- **YOUR ASSIGNMENT**:
Return exactly the lines below, starting with the one that has "Lãnh đạo UBND" and going on through the one that has "鏡に浮かび上がる表示がおしゃれ。".

Start of ENTRIES PROVIDED

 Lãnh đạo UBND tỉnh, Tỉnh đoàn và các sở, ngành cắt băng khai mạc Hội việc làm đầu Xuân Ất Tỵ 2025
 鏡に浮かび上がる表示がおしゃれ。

End of ENTRIES PROVIDED
Start of ENTRIES PROVIDED

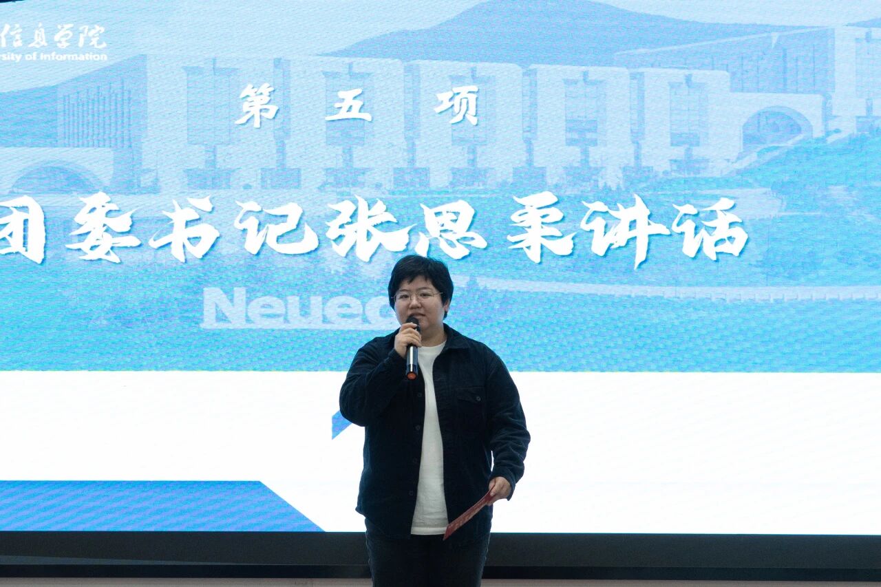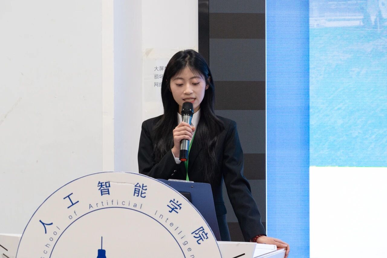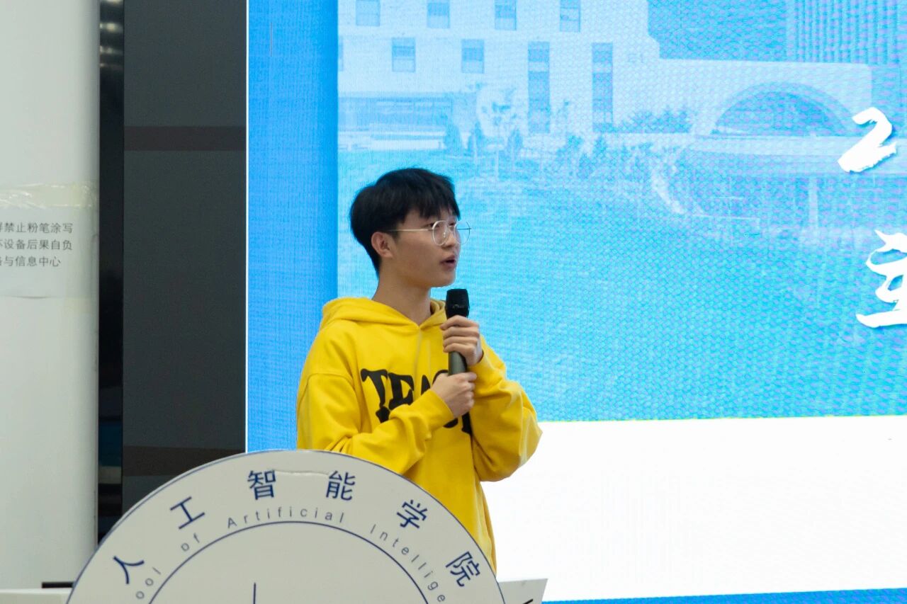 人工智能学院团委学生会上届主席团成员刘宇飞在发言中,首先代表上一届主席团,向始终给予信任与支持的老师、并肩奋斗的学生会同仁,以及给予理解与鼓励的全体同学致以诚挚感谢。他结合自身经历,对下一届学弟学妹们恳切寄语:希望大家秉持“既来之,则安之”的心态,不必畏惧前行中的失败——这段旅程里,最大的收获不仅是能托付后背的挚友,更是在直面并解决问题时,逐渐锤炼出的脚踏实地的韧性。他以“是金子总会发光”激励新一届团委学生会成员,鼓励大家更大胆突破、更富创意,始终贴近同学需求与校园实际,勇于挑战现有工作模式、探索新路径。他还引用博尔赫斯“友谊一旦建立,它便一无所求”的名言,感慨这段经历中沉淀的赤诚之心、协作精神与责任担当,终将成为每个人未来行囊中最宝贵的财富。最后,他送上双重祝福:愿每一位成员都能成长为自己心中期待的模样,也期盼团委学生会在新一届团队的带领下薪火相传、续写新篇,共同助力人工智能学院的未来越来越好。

End of ENTRIES PROVIDED

- **EXPECTED ANSWER**:
 Lãnh đạo UBND tỉnh, Tỉnh đoàn và các sở, ngành cắt băng khai mạc Hội việc làm đầu Xuân Ất Tỵ 2025
 鏡に浮かび上がる表示がおしゃれ。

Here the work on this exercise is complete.